Work order:
The listing below should be written out word for word, with its pictures removed.

Recorded data:
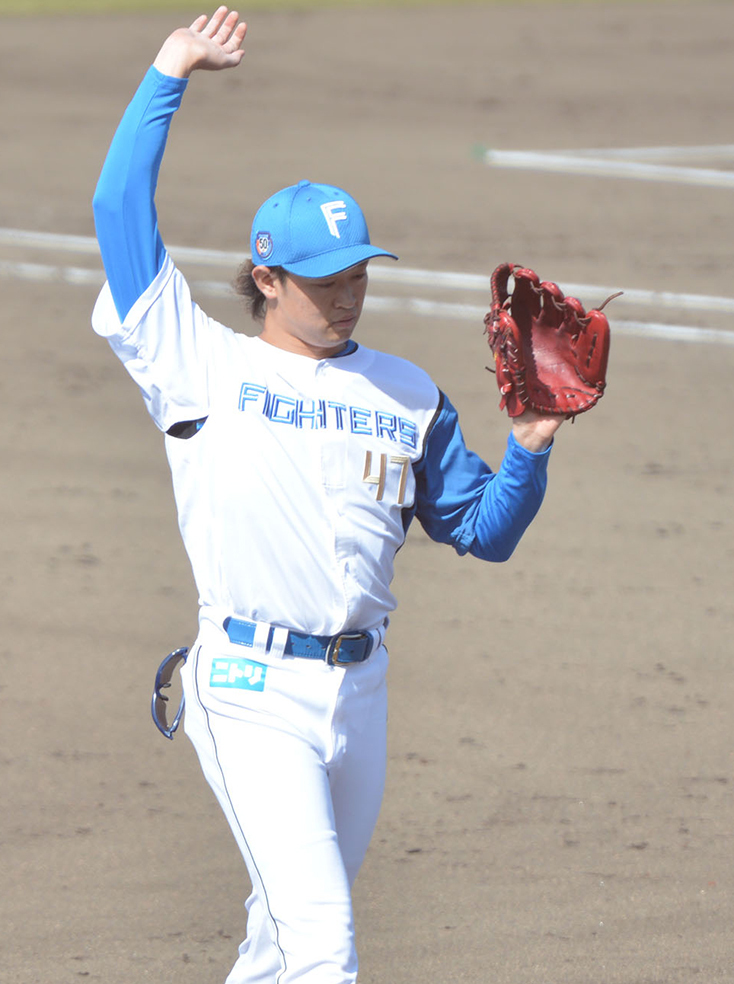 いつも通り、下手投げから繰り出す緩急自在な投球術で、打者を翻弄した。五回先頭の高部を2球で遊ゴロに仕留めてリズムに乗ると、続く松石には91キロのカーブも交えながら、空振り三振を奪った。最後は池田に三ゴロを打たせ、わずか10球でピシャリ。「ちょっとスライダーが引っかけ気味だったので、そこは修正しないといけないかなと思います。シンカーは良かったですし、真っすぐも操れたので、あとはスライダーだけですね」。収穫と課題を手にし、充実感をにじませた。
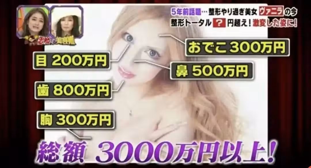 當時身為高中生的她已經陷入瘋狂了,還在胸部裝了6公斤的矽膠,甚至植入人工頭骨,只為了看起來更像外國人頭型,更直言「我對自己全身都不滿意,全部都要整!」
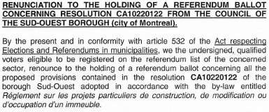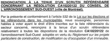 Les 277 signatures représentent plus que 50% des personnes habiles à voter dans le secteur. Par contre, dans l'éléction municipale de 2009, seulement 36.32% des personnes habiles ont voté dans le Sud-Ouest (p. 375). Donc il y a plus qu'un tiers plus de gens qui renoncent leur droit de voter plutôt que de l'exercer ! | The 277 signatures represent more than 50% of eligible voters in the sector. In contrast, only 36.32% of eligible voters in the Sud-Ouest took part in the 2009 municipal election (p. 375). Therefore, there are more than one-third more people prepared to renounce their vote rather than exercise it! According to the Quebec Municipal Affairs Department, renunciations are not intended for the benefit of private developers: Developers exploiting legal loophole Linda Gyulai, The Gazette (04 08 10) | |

Exercise result:
 いつも通り、下手投げから繰り出す緩急自在な投球術で、打者を翻弄した。五回先頭の高部を2球で遊ゴロに仕留めてリズムに乗ると、続く松石には91キロのカーブも交えながら、空振り三振を奪った。最後は池田に三ゴロを打たせ、わずか10球でピシャリ。「ちょっとスライダーが引っかけ気味だったので、そこは修正しないといけないかなと思います。シンカーは良かったですし、真っすぐも操れたので、あとはスライダーだけですね」。収穫と課題を手にし、充実感をにじませた。
 當時身為高中生的她已經陷入瘋狂了,還在胸部裝了6公斤的矽膠,甚至植入人工頭骨,只為了看起來更像外國人頭型,更直言「我對自己全身都不滿意,全部都要整!」
 Les 277 signatures représentent plus que 50% des personnes habiles à voter dans le secteur. Par contre, dans l'éléction municipale de 2009, seulement 36.32% des personnes habiles ont voté dans le Sud-Ouest (p. 375). Donc il y a plus qu'un tiers plus de gens qui renoncent leur droit de voter plutôt que de l'exercer ! | The 277 signatures represent more than 50% of eligible voters in the sector. In contrast, only 36.32% of eligible voters in the Sud-Ouest took part in the 2009 municipal election (p. 375). Therefore, there are more than one-third more people prepared to renounce their vote rather than exercise it! According to the Quebec Municipal Affairs Department, renunciations are not intended for the benefit of private developers: Developers exploiting legal loophole Linda Gyulai, The Gazette (04 08 10) | |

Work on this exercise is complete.